Categories: BERITA UTAMA

Bantuan untuk Bencana Kekeringan Kab. Puncak, Tiba di Sinak

TIMIKA – Sempat tertunda karena terkendala cuaca, bantuan dari Panglima TNI, Laksamana Yudo Margono akhirnya mulai didistribusikan kepada warga yang terdampak bencana di Distrik Agandugume dan Distrik Lambewi, Kabupaten Puncak, Provinsi Papua Tengah.

Distribusi bantuan diangkut menggunakan Helikopter Caracal milik TNI Angkatan Udara dari Bandara Mozes Kilangin Timika menuju Distrik Sinak pada Rabu (26/7/2023) sekitar pukul 07.45 WIT yang dipimpin langsung Dandim 1717/Puncak Letkol Inf Jonatan Nadio Aprimanda. Turut serta Plt Direktur Perlindungan Korban Bencana Alam Kemensos, Adrianus Alla.

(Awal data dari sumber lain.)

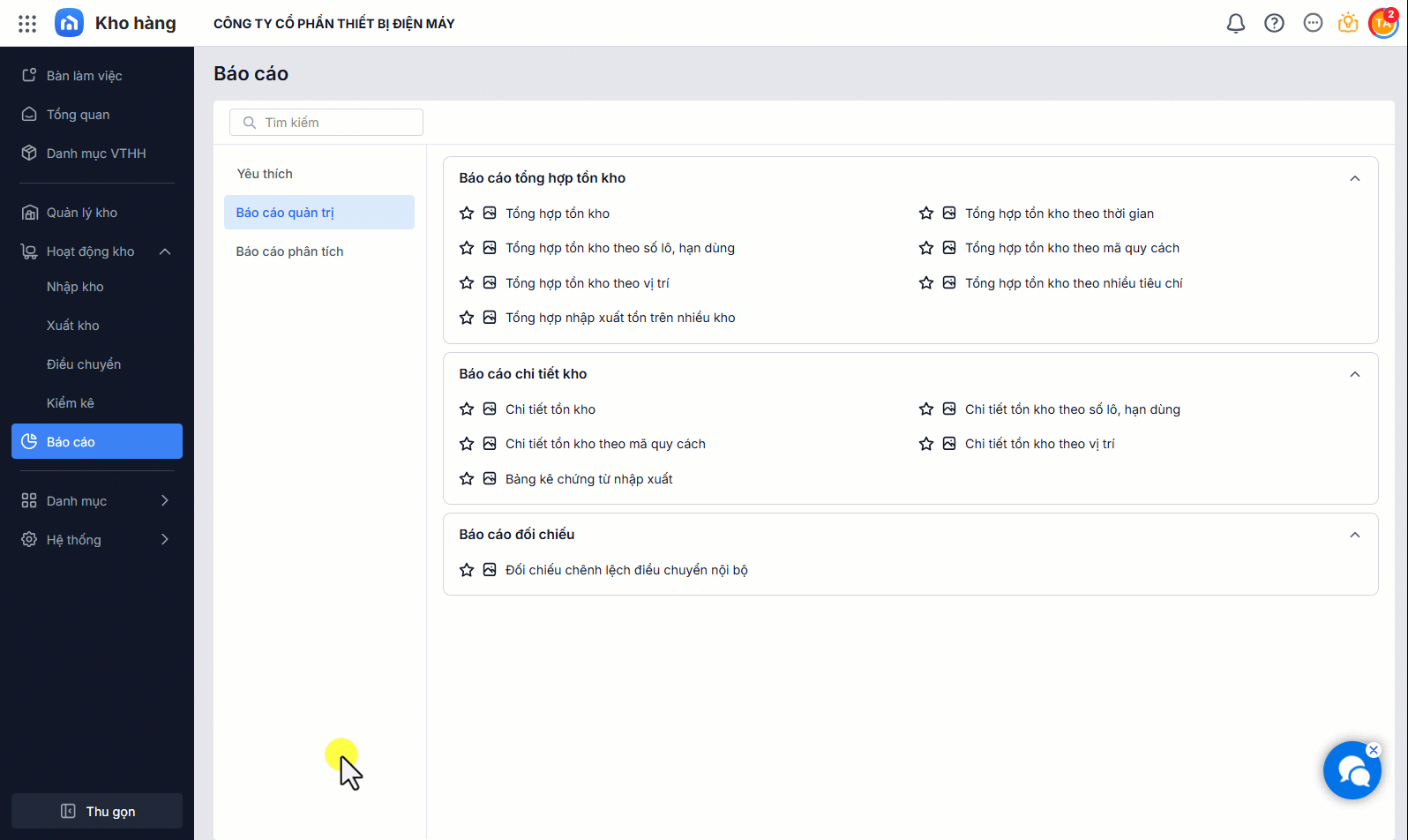 - Chọn kỳ báo cáo, chọn các kho muốn xem dữ liệu.

“Atas nama Pemkab Puncak, saya Dandim 1717/Puncak, mengucapkan terima kasih dan apresiasi yang setinggi-tingginya kepada Panglima TNI yang telah memberikan bantuan kemanusiaan kepada masyarakat di wilayah kami, khususnya masyarakat yang terdampak bencana kekeringan di Distrik Agandugume dan Distrik Lambewi,” ujar Dandim 1717 Puncak.

Selanjutnya dijelaskan Nadio, distribusi bantuan dipusatkan di Sinak, karena masyarakat dari Agandugume dan Lambewi sebagian sudah berada di Sinak dan yang lainnya juga sedang bergeser dari kampung.

“Sehingga bantuan akan langsung didistribusikan kepada masyarakat dimana masyarakat ini berasal dari dua distrik terdampak, yang mulai tanggal 21 sudah bergerak dari distrik dengan berjalan kaki ke Sinak dan tinggal di keluarganya. Sekaligus kita kumpulkan, kita sampaikan wujud perhatian Panglima TNI,” terang Letkol Nadio.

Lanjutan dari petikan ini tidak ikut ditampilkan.